▶ [BRIEF]
Transcribe the data underneath exactly. No images belong in your version.

DATA UNDER STUDY START

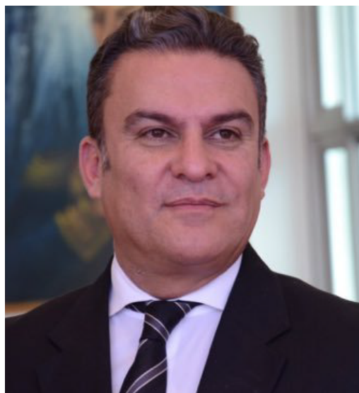
JOSÉ SERRANO PRESIDENTE DE LA ASAMBLEA NACIONAL
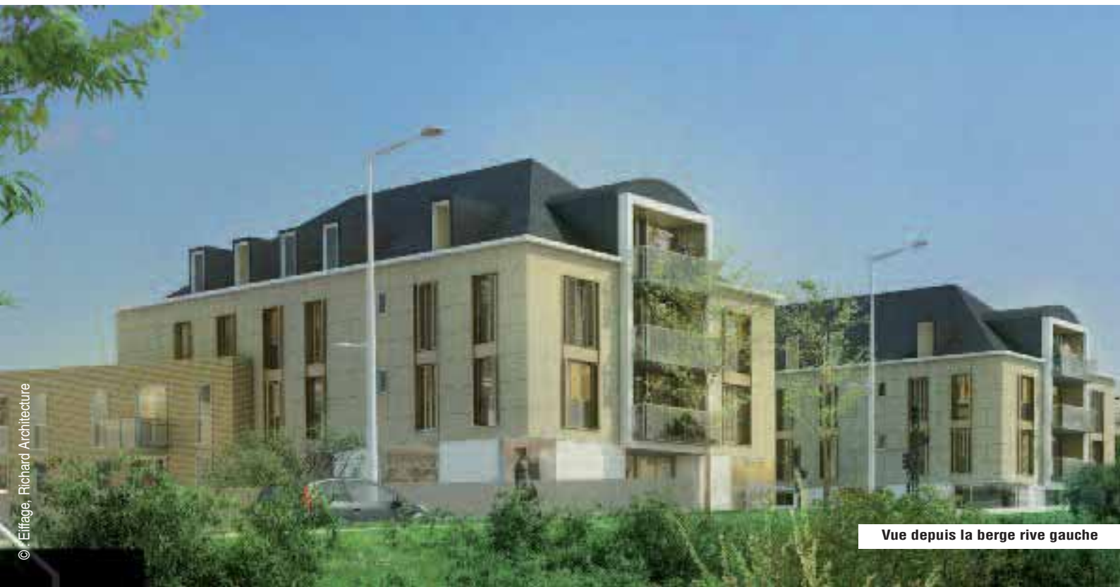
Vue depuis la berge rive gauche
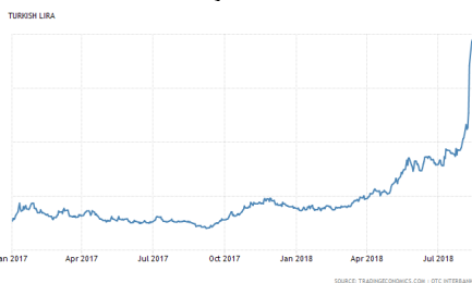
ค่าเงิน Lira เทียบกับเงินดอลลาร์สหรัฐฯ อ่อนค่ามากที่สุดเป็นประวัติการณ์
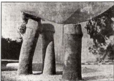
מבנים בעקבות טרמיטיים: מפגש עם גזרות כמכר ורומים פאלים
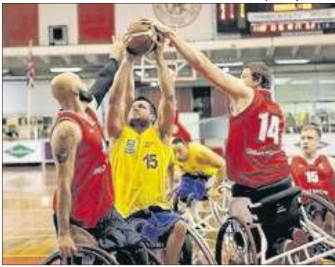
Total de recursos desviados ainda está em apuração
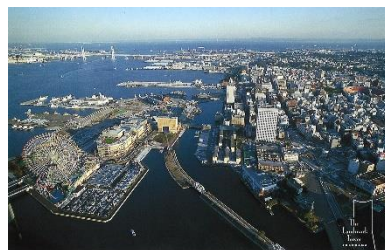
Yokohama Bay City

DATA UNDER STUDY END

▶ [EXERCISE ANSWER]
JOSÉ SERRANO PRESIDENTE DE LA ASAMBLEA NACIONAL
Vue depuis la berge rive gauche
ค่าเงิน Lira เทียบกับเงินดอลลาร์สหรัฐฯ อ่อนค่ามากที่สุดเป็นประวัติการณ์
מבנים בעקבות טרמיטיים: מפגש עם גזרות כמכר ורומים פאלים
Total de recursos desviados ainda está em apuração
Yokohama Bay City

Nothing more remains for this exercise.